Go through the entries below and print, exactly, the lines starting at the one with "O casal, cuja" and ending at the one with "Soft waves, shells, and", keeping both ends and no others.

§ Provided material
========================================

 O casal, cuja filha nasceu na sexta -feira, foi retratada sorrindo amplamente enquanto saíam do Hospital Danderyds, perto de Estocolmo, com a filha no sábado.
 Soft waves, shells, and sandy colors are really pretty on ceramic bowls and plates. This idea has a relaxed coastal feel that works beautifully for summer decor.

========================================

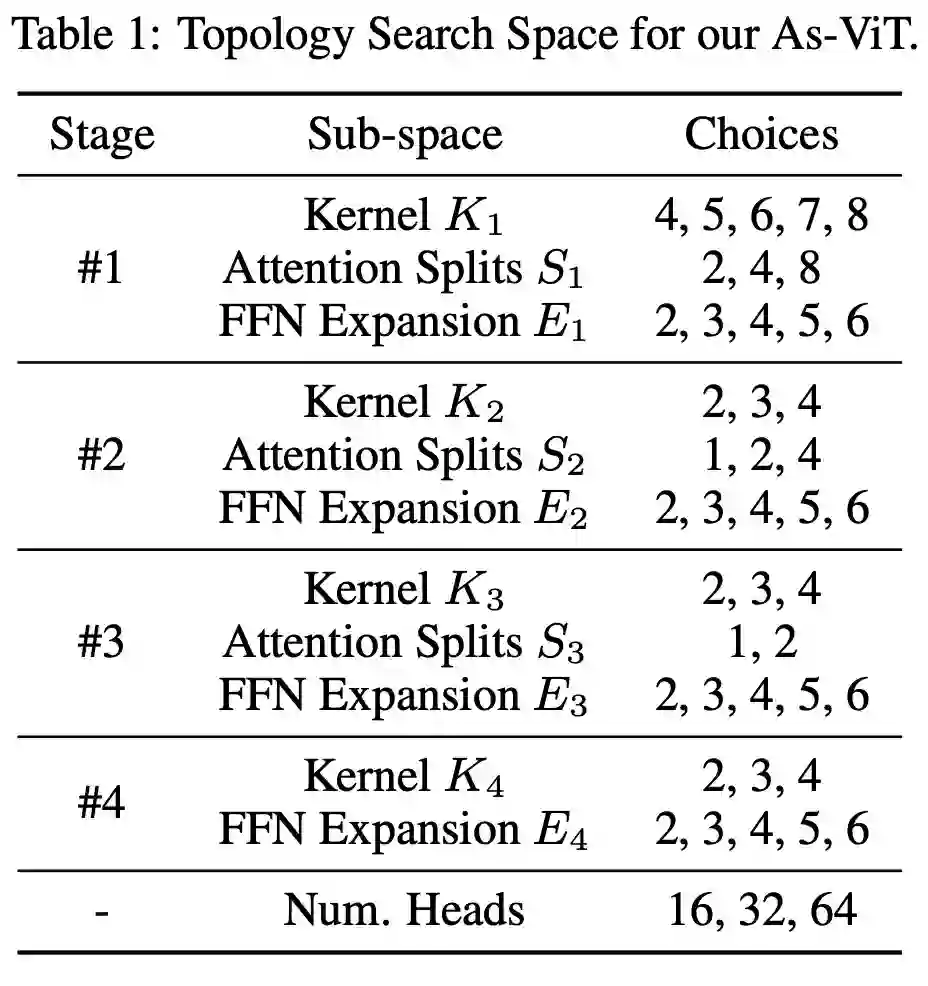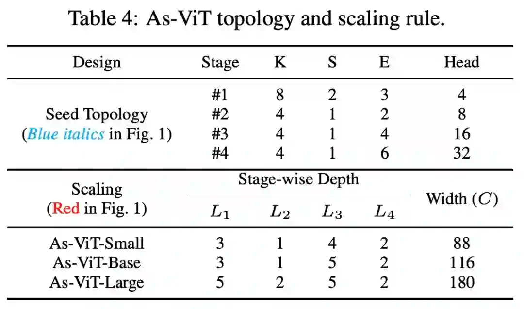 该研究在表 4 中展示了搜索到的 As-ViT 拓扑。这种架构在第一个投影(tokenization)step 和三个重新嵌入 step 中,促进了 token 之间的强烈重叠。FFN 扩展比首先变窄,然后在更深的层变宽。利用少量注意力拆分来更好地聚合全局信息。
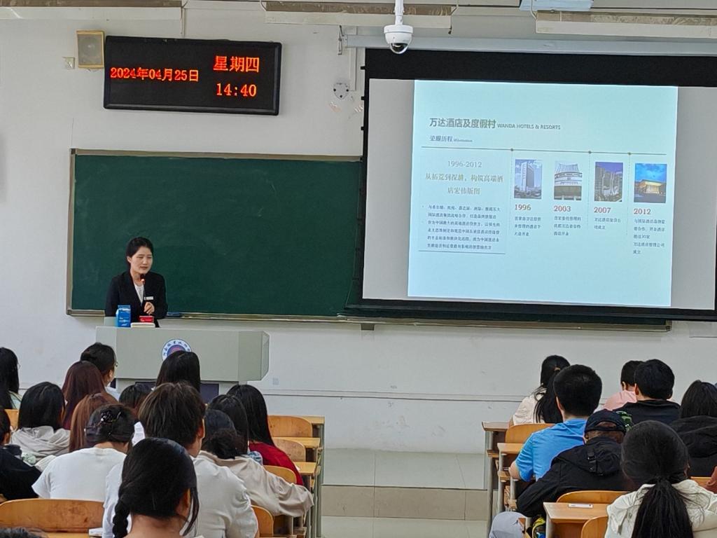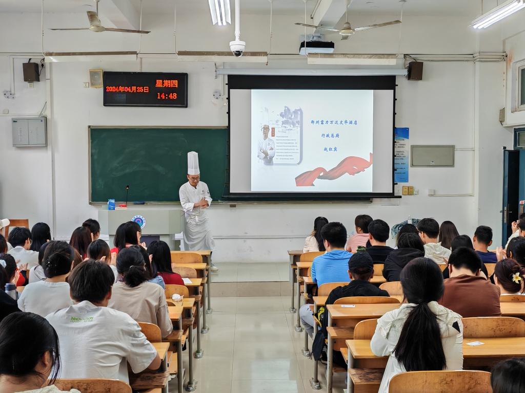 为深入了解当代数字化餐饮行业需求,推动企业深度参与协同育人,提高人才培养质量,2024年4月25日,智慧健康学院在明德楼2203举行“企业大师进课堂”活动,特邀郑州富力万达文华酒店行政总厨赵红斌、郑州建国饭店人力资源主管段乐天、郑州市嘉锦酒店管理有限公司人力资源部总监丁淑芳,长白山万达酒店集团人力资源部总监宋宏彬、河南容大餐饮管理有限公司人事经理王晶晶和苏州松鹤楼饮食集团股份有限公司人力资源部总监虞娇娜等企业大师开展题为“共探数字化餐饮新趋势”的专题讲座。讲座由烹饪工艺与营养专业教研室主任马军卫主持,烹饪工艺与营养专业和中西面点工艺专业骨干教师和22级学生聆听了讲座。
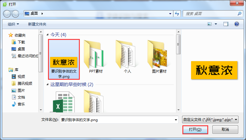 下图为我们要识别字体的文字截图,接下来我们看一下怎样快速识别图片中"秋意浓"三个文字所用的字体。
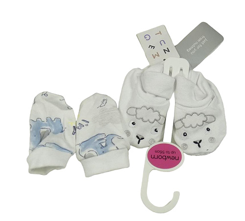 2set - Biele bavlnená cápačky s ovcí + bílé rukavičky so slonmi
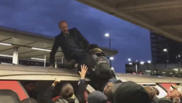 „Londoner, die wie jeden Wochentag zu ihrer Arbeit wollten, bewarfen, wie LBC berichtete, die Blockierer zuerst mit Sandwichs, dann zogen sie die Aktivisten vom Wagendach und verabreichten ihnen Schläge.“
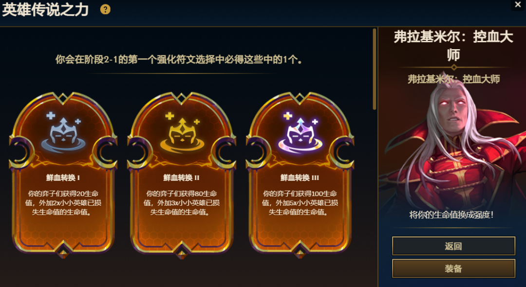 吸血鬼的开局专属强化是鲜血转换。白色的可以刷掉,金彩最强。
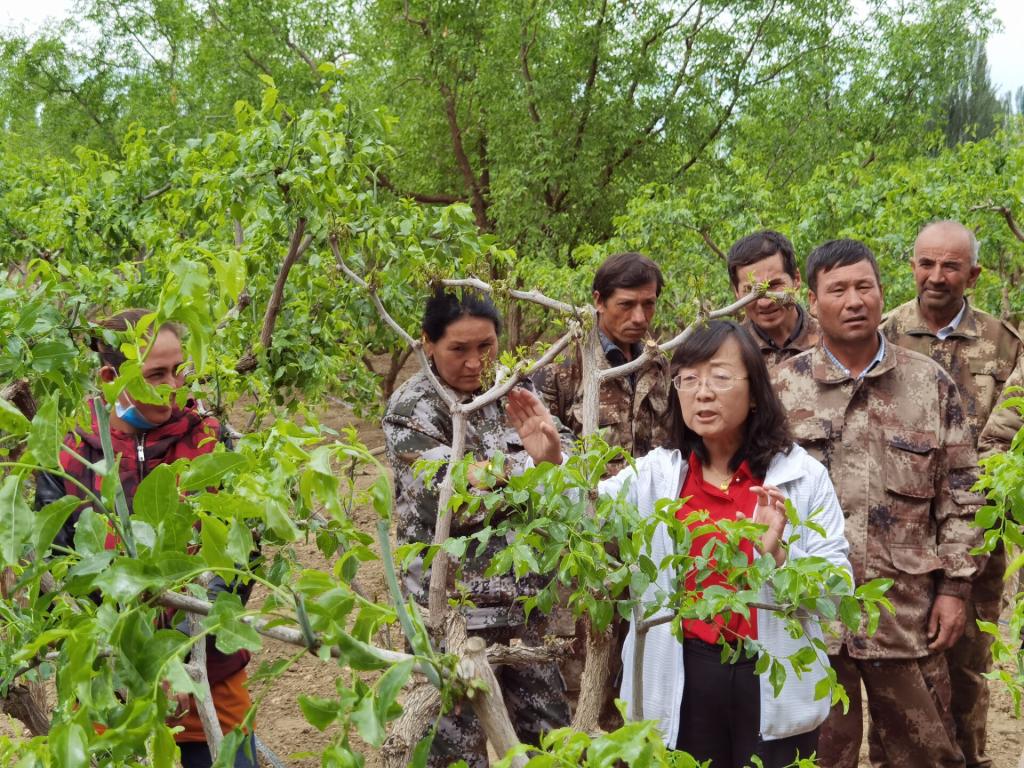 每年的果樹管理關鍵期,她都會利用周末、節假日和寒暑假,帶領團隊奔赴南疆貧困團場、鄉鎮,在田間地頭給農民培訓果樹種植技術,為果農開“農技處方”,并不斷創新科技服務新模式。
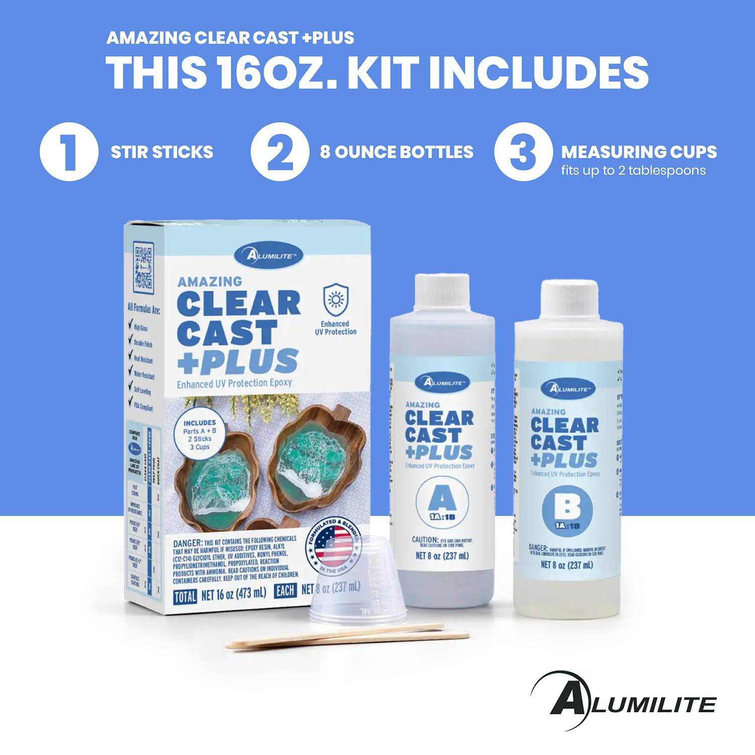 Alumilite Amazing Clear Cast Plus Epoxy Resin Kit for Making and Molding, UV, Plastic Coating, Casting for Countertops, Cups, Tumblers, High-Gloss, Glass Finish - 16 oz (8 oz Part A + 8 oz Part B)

========================================

§ Solution below
 O casal, cuja filha nasceu na sexta -feira, foi retratada sorrindo amplamente enquanto saíam do Hospital Danderyds, perto de Estocolmo, com a filha no sábado.
 Soft waves, shells, and sandy colors are really pretty on ceramic bowls and plates. This idea has a relaxed coastal feel that works beautifully for summer decor.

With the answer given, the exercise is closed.